Vapi | CodeWorlds

Vapi - complete guide to the voice AI agent platform

What is Vapi?

Vapi is a developer platform for building, testing, and deploying voice AI agents. Instead of connecting speech-to-text, language models, and text-to-speech yourself, Vapi provides a unified pipeline that handles the entire conversation cycle: listening, thinking, and speaking.

The platform has processed over 300 million calls, launched 2.5 million assistants, and is used by more than 500 thousand developers - from startups to Fortune 500 companies. Vapi lets you build your first voice agent in less than an hour, and thanks to its modular architecture, you can choose any LLM, TTS, and STT provider.

Why Vapi?

Key advantages of Vapi

Ultra-low latency - Sub-500ms voice-to-voice response time, making conversations sound natural
BYO Keys - Bring your own API keys to any providers (OpenAI, Anthropic, ElevenLabs, Deepgram, and more)
Flow Studio - Visual builder for designing conversation logic with drag-and-drop
Tool calling - Agents can call your APIs mid-conversation (bookings, CRM, databases)
Multilingual - Over 100 languages and accents
Scalability - Handles millions of concurrent calls
SDK for every platform - Web, iOS, Android, Python, backend

Vapi vs Retell AI vs Bland AI

Feature	Vapi	Retell AI	Bland AI
Latency	~700ms	~600ms	~800ms
Base cost	$0.05/min (+ providers)	~$0.07/min (all-in)	~$0.09/min
True cost	$0.13-$0.31/min	~$0.07-$0.15/min	~$0.09-$0.20/min
BYO models	Full support	Limited	Full support
Visual builder	Flow Studio	Yes	Pathways builder
Open source	No	No	No
HIPAA	$1,000/mo add-on	Included	Included
SDK	Web, iOS, Android, Python	Web, Python	REST API
Concurrent calls	1M+	Unlimited	20,000+/h
Best for	Custom builds, dev-heavy	Inbound support, healthcare	High-volume outbound

Architecture - how does Vapi work?

Vapi acts as an orchestration layer between your application and AI providers. The entire conversation cycle is based on three steps:

1. Listen

Speech-to-text (STT) converts the caller's voice into text. Vapi supports providers like Deepgram, Whisper (OpenAI), Gladia, and Azure Speech.

2. Think

The LLM processes the transcription and generates a response. You can use GPT-4o, Claude, Gemini, Llama, or any other model. In this step, the agent can also call tools (tool calling).

3. Speak

Text-to-speech (TTS) converts the response into voice. Supported providers include ElevenLabs, Play.ht, Azure TTS, LMNT, and others.

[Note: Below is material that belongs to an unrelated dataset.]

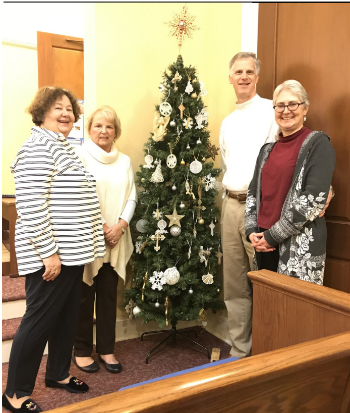
Decorating the Christmas Tree

Advanced conversation features

Endpointing - Detects when the caller has finished speaking
Interrupt detection - Allows the caller to interrupt the agent while speaking
Backchanneling - Inserts short acknowledgments ("okay", "I see") during processing
Emotion detection - Identifies tone signals such as urgency or frustration

Getting started

SDK installation

Code

Bash

npm install @vapi-ai/web

npm install @vapi-ai/server-sdk

pip install vapi_server_sdk

CLI installation

Code

Bash

curl -sSL https://vapi.ai/install.sh | bash

The CLI automatically detects your tech stack (React, Vue, Next.js, Python, Go, Flutter, React Native) and generates code examples tailored to your project.

Creating an assistant

Code

TypeScript

import Vapi from "@vapi-ai/web";

const vapi = new Vapi("YOUR_PUBLIC_API_KEY");

const assistant = await vapi.assistants.create({
  name: "Customer Support Agent",
  firstMessage: "Hello! How can I help you today?",
  model: {
    provider: "openai",
    model: "gpt-4o",
    temperature: 0.7,
    messages: [
      {
        role: "system",
        content:
          "You are a friendly customer support agent. Help users with their orders and account questions.",
      },
    ],
  },
  voice: {
    provider: "11labs",
    voiceId: "21m00Tcm4TlvDq8ikWAM",
  },
});

Code

Python

from vapi import Vapi
import os

vapi = Vapi(token=os.getenv("VAPI_API_KEY"))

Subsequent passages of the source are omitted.